Engineer Reuben Brewer and SRI International, a nonprofit scientific research institute based in California, developed a police robot for traffic stops. This new robot is expected to act as a buffer between the officer and motorist during an encounter, reported The Washington Post.
The project began several years ago in Brewer’s garage but has since been in development at SRI International’s facilities in California. The robot, dubbed GoBetween, is designed to make it safer for both the officer and the motorist.
“The main advantage of a robot over a human is that physical danger no longer matters,” Brewer wrote after being reached by email by The Post.
“The robot is purely defensive, so it can’t hurt the motorist. If the motorist damages the robot, it’s only tax payer money to replace it.”
“People are more dangerous when they’re scared, so the goal is to remove the possibility of being physically hurt so that they’re less scared and less dangerous,” he added.
When the officer pulls over a vehicle, GoBetween is deployed, which is a mechanism attached to the driver’s side of the police car, extends a rolling aluminum track to the motorist’s window with a robot at the end. At the same time, a spike strip extends from the robot and unfolds between the vehicle’s front and rear tires, stopping a potential high-speed chase.
GoBetween is a weaponless robot includes two video cameras, a microphone, bar-code scanner, and a speaker that allows the police officer and motorist to communicate. The car-bode scanner allows the driver to scan their license, a signature pad allows the driver to sign a ticket, and a printer provides the driver with a ticket. Brewer told The Post future prototypes will include new sensors, including a Passive Alcohol Sensor to “sniff for drunk driving.”
Brewer pointed out GoBetween may reduce tension at traffic stops. He admitted his robot could not remove human bias from interactions between police officers and drivers.
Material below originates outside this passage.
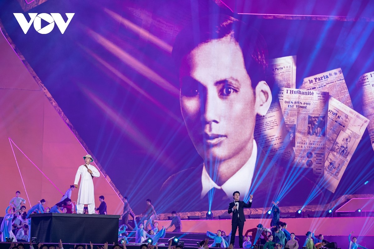 Phát biểu khai mạc, Bộ trưởng Bộ Văn hóa, Thể thao và Du lịch Nguyễn Văn Hùng nhấn mạnh: “80 năm qua, văn hóa nghệ thuật đã song hành cùng dân tộc, tạo mạch nguồn nuôi dưỡng tâm hồn, sức mạnh, tinh thần và ý chí Việt Nam. Chương trình nghệ thuật đặc biệt này không chỉ trình diễn các tác phẩm âm nhạc, múa, thơ ca, mà còn là lời tri ân sâu sắc gửi tới các thế hệ cha anh đã hy sinh cho độc lập, tự do của Tổ quốc”. |
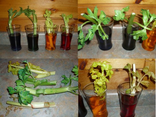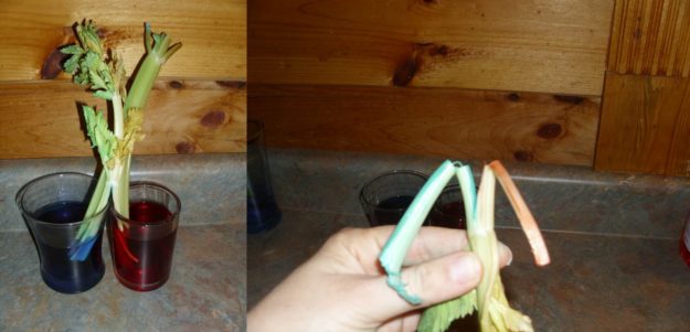 We also wanted to see how the individual veins in one celery stalk would transport water. We split one celery stalk and put one side in blue water and the other in red water. When we broke the stems apart, we actually had some of the veins popping out of the plant. (An aside: Would you believe that my Essentials-laden son was looking over my shoulder just now pointing out the fact that I started more than one sentence here the same way! I’m having a funny feeling right now – a cross between exasperation… and elation!)

“Whatever inequalities there currently are with police cars pulling over minorities more often will still be there once there’s a robot on their car,” he wrote.
“The difference is that those interactions (however unequal they may be) shouldn’t result in anyone getting hurt or killed.”
The robot has been shown to several police departments and received an underwhelming response, Brewer said.
Police officers across the country make more than 50,000 traffic stops per day, according to The Stanford Open Policing Project.
In 2017, the FBI’s Uniform Crime Report showed 5,108 officers were assaulted during traffic stops and pursuits, at an average of 14 officers per day.
Brewer said he’s working on securing a pilot test for GoBetween with a police department.
“I’d love to have a police department test my prototype during actual traffic stops so that we can learn what its real-life limitations are,” he added.
“It’s ready to go, just need a willing partner to test it out!”
The policing environment of the 2020s could so much different than what is seen today. A new wave of investments in automation could alleviate some of the dangers that police officers encounter while on duty. But – with the proliferation of self-driving cars, GoBetween could one day eliminate the need for human officers patrolling the streets, in search for drivers abusing traffic laws.